The best part about being self-employed is that you’re in charge of everything. No boss to blame, no investors to botch up your vision… just you and your opinion of how to run your life.
The bad part about being self-employed however (and this is primarily for one person shops such as my own) is that you are every resource you have for the most part. Need to get a website up? Unless you have the capital guess who’s going to learn HTML/CSS/Javascript among other things? The other negative side is that since you’re self-employed and solo you’ll have little chance to turn to any co-workers for assistance or maybe just to vent or get input. The worst part however is time management. If you’re lucky enough to be located far away from all friends and family then you’ll have little choice but to focus on your project (though I would have to ask how in the world you’re funding yourself) and if you’re not then chances are that someone is helping to take care of you and therefore knows you’re “free” and the unless they’re uncommonly generous enough to understand where you’re coming from they will try to employ you in some mundane task that they could use a hand with. Good luck hoping they’ll remember that you are actually looking down the barrel of the biggest and possibly the most important undertaking of your life! Don’t even get me started with medical insurance to which I’ve taken an analogy of medical care being like the best ice cream ever and insurance the necessary spoon to taste it with. Then I think of the Matrix and say, “There is no spoon.”

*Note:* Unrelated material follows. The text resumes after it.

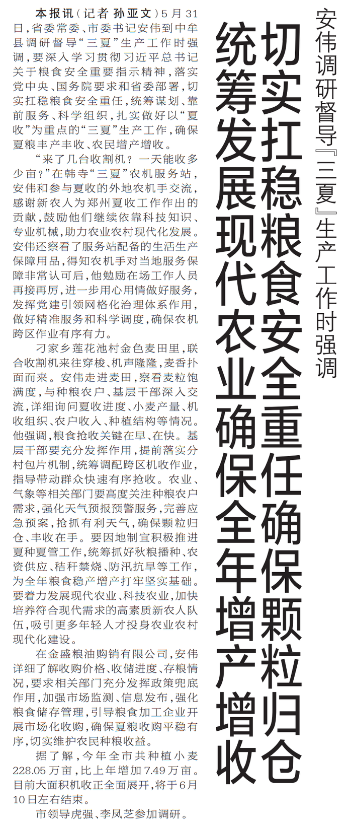 5月31日,省委常委、市委书记安伟到中牟县调研督导“三夏”生产工作时强调,要深入学习贯彻习近平总书记关于粮食安全重要指示精神,落实党中央、国务院要求和省委部署,切实扛稳粮食安全重任,统筹谋划、靠前服务、科学组织,扎实做好以“夏收”为重点的“三夏”生产工作,确保夏粮丰产丰收、农民增产增收。(今日《郑州日报》1版)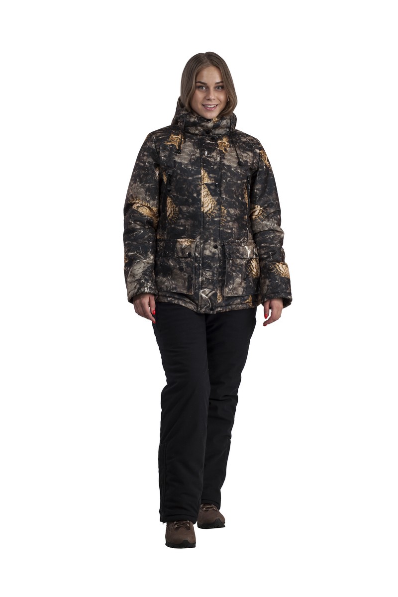 Универсальный утеплённый комфортный костюм для зимней рыбалки, охоты и активного отдыха.Выполнен из ветронепродуваемой и водонепроницаемой мембранной ткани. Верхний слой ткани с ПИЧ эффектом — это мягкая бархатистая поверхность. Костюм в модном в этом сезоне Animal принт. Ткань удобна и проста в уходе. Предназначен для защиты от пониженных температур, ветра, атмосферных осадков в зимний период. Состоит из куртки и полукомбинезона с эластичными регулируемыми лямками. Куртка с ветрозащитной планкой.Капюшон анатомического кроя, отстёгивающийся, регулируется по краю обзора. Утеплённый полукомбинезон с завышенной талией. По объёму регулируется поясом с фиксаторами, стягивающими талию, которые в свою очередь по спинке скрыты в кулисе. Отлично сидит на фигуре. Для удобства переобувания по низу штанин — расширитель на молнии с планкой.Технические характеристики

And now for working under an employer.
The best part about working for someone is that you’re getting paid and there’s a good chance you have insurance. You also have little issues explaining to people why you can’t help them. If fact you can even miss parties and affairs with no heads up and then be immediately excused by most with the magic words, “Work called me in last minute” or something of that nature.
Here’s the rub though. If you had any vision of doing something your way then just forget it. If you’re at the bottom you can just learn to be happy knowing that your part was at least handled by you but forget about any notion of creative control. Maybe they might take a suggestion but that’s not exactly free reign. Even if you’re the main producer of the game, it doesn’t mean you don’t take orders from a publisher or some other investor of some time. Also, you’ll have to come to grips that not only are you possibly going to have to deal with the fact that you’re possibly underpaid but you will also have to learn to take the occasional figurative “take it in the ass” which is basically when management decides to put their hand up your ass and control you like a puppet because they know you would be damned before you decided to happily do the task yourself. Things like this include making decisions on how to treat your employees or taking your perfect plan and replacing it with a pile of blood and urine topped with a spoon (you cringe to ask what the spoon is for in favor of a Matrix, “there is no spoon” approach to the question).
So there it is, both sides have their ups and downs and if you want to be happy just remember: “There is no spoon”.